AutoconfのFortranサポートは,二つのカテゴリに分けられました.これまでの Fortran 77マクロ(F77)と,現在のFortramマクロ(FC)です.前者 は伝統的なFortram 77コードを想定していて,F77FFLAGS,そ してFLIBSといった出力変数があります.後者は,より新しいFortranの 標準の元でコンパイル可能(または必須)である,より新しいプログラムを想定し ていて,FCFCFLAGS,そしてFCLIBSといった出力変数が あります.

二つの新しいマクロAC_FC_SRCEXTAC_FC_FREEFORM(以下を参照) 以外では,FCF77のマクロの動作はほとんど同じなので,この セクションでまとめて説明しています.

— Macro: AC_PROG_F77 ([compiler-search-list])

使用するFortran 77コンパイラを決定します.F77が環境変数でまだ設定 されていない場合,g77f77,そしてその他の名前を調査します. 見つかったコンパイラ名を,出力変数F77に設定します.

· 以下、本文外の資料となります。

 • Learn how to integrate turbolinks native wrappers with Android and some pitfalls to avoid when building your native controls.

しかし,このマクロはオプション引数を用いて呼び出すことが可能で,指定する 場合は,検索するFortran 77コンパイラをスペースで区切ったリストにする必要 があります.これで,ユーザがFortran 77コンパイラに対する代わりの検索リス トを指定する機会が与えられます.例えば,デフォルトの順序がいやな場合は, 以下のようにしてAC_PROG_F77を呼び出すことが可能です.

          AC_PROG_F77(fl32 f77 fort77 xlf g77 f90 xlf90)

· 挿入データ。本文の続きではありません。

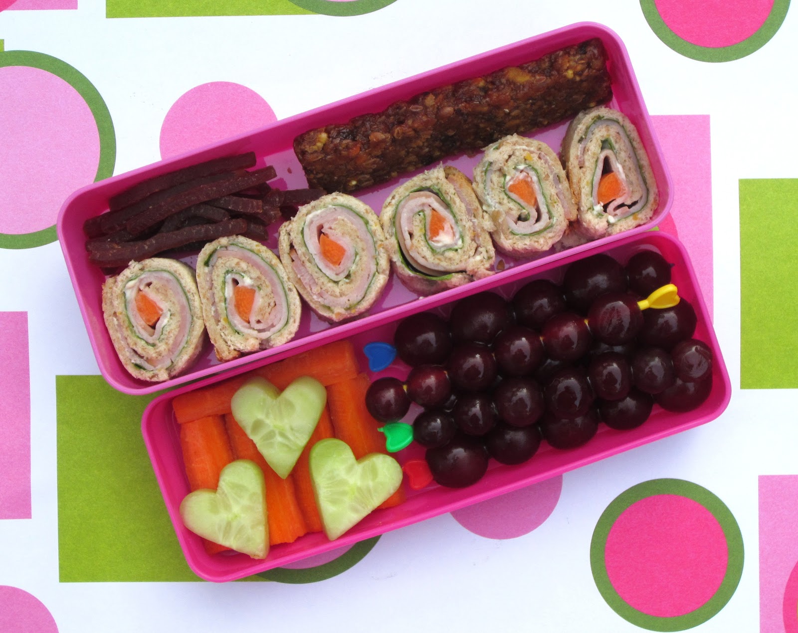 Today, Faith had faux sushis with rolled out multigrain breads, romaine lettuce, ham, cream cheese and a sliver of carrot. I thought they really turned out cute! To go with it, she had skewers of grapes, the leftover bits of carrots from the sandwich, and cucumber hearts. At the last minute, I discovered we were out of veggie straws, so I subbed in some Plum Kids Organic Fruit Shreds (peach) and half of a Gnu Foods Carrot Cake Bar. The Gnu bar was from a swap and the Plum Kids shreds were a sample, the kids loved both!

g77(GNU Fortran 77コンパイラ)を使用している場合, AC_PROG_F77はシェル変数G77を‘yes’に設定します.出力変 数FFLAGSが環境変数で設定されていない場合,g77に対して ‘-g -O2’(‘-g’を受け入れないg77では‘-O2’)を設定し, 他のFortran 77コンパイラでは‘-g’を設定します.

— Macro: AC_PROG_FC ([compiler-search-list], [dialect])

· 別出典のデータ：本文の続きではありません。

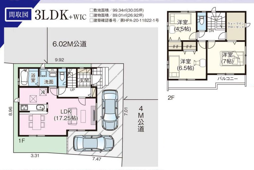 建物延床面積 :89.01㎡(26.92坪)

使用するFortranコンパイラを決定します.FCが環境変数でまだ設定され ていない場合,dialectが検索しているFortran dialect何かを示すヒン トになります.デフォルトとして,利用可能なdialectの最も新しいものを検索 します.見つかったコンパイラ名を出力変数FCに設定します.

デフォルトで,より新しいdialectがより古いdialectに代わって選択されますが, dialectが指定されている場合,指定されているdialectで始まる,より 古いdialectが選択されます.dialectは,現在Fortran 77,Fortran 90, またはFortran 95が可能です.しかし,これは選択されるコンパイラの名 前のヒント(例えば,f90またはf95)になるだけで,特定の言語 の標準を実際にサポートしていることへの保証は試みません.このため, dialectオプションを避け,AC_PROG_FCだけを最も新しいFortran 標準に互換性のあるコード対して使用した方が良いでしょう.

また,このマクロは,最初のオプション引数を指定して呼び出される場合,それ は,AC_PROG_F77と同様に,検索するFortranコンパイラをスペースで分 離したリストにする必要があります.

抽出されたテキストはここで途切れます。